### THE PROBLEM
Look for the string "animales" in the listing. Copy each line that has it.

### RECORDS SHOWN
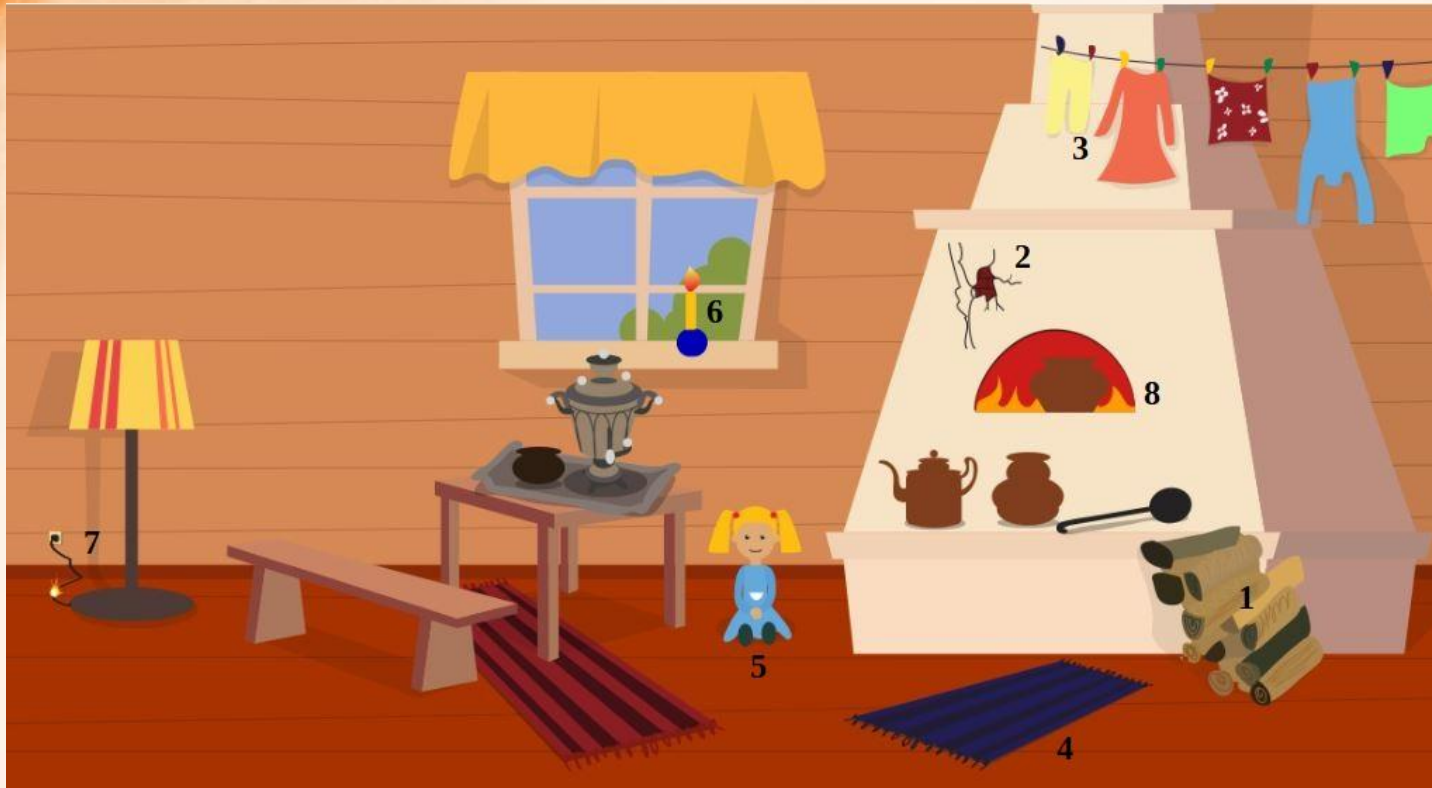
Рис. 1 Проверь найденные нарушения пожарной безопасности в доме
==
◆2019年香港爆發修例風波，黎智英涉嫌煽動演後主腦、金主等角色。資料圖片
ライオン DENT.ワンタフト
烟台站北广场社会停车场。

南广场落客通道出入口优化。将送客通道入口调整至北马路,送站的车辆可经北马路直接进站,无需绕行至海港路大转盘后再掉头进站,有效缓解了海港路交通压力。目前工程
* * *
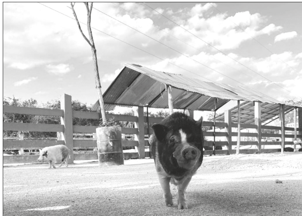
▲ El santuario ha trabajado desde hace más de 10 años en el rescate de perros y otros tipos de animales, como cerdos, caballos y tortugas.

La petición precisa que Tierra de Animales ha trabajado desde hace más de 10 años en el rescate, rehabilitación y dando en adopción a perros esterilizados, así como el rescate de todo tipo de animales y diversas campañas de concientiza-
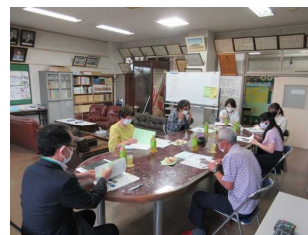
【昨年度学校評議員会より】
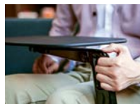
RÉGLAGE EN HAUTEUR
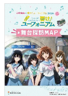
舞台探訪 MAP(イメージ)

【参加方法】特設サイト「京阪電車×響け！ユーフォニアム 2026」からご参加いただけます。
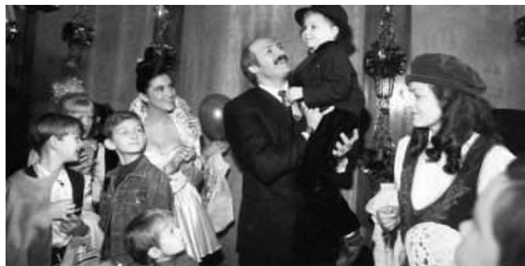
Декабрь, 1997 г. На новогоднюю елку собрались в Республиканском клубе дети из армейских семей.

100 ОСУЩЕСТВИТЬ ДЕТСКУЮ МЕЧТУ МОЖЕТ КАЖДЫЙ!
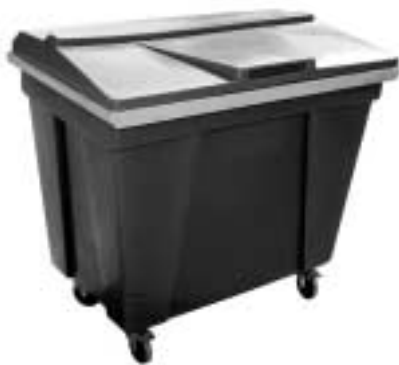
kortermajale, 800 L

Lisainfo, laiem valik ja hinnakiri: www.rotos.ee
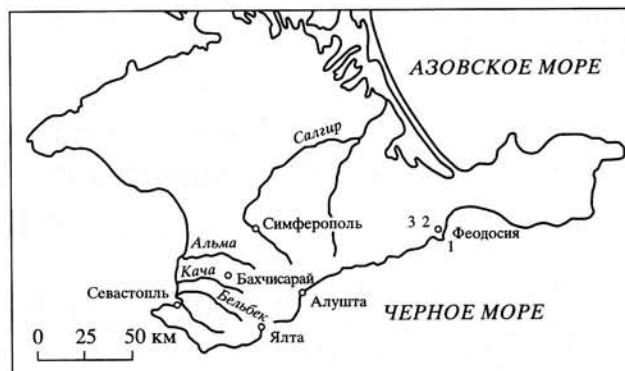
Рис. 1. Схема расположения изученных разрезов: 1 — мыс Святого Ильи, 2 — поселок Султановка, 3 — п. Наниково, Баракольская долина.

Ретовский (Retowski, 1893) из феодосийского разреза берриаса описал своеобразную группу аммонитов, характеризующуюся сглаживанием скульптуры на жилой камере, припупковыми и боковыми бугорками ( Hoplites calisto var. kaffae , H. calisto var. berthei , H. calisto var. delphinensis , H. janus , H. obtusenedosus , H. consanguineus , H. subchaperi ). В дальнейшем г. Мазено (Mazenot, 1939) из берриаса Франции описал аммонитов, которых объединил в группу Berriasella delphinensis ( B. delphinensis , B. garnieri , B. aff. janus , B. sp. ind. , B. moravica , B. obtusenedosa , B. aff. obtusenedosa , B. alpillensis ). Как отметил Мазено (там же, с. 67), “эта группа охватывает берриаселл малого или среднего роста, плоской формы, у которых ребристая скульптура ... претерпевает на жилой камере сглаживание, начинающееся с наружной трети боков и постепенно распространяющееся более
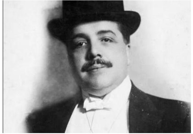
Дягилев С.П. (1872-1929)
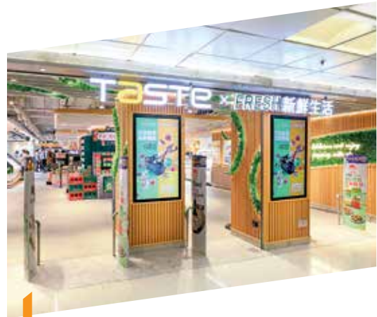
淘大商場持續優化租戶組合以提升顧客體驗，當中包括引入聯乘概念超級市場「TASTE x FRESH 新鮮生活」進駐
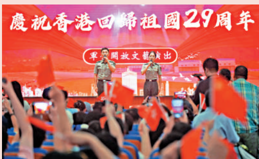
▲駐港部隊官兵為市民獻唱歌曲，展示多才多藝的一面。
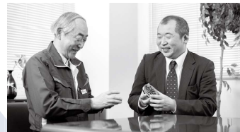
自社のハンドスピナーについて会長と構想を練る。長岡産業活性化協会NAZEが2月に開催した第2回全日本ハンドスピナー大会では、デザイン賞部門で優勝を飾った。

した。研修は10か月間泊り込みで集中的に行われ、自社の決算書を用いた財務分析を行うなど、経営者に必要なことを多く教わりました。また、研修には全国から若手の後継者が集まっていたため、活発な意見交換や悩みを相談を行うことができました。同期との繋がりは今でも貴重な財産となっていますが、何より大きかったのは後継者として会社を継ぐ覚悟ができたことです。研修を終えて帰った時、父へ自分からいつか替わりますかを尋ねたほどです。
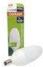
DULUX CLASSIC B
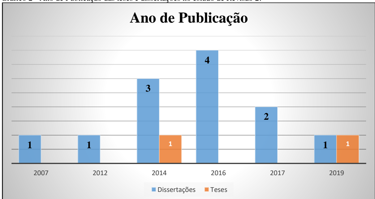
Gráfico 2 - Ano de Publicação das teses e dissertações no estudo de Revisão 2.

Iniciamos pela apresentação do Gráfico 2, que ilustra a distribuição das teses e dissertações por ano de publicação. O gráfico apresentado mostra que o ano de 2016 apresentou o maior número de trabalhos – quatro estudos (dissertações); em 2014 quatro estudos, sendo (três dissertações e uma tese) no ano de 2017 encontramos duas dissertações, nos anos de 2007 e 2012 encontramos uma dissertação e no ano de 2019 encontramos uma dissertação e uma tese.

### RESPONSE TO THE TASK
▲ El santuario ha trabajado desde hace más de 10 años en el rescate de perros y otros tipos de animales, como cerdos, caballos y tortugas.
La petición precisa que Tierra de Animales ha trabajado desde hace más de 10 años en el rescate, rehabilitación y dando en adopción a perros esterilizados, así como el rescate de todo tipo de animales y diversas campañas de concientiza-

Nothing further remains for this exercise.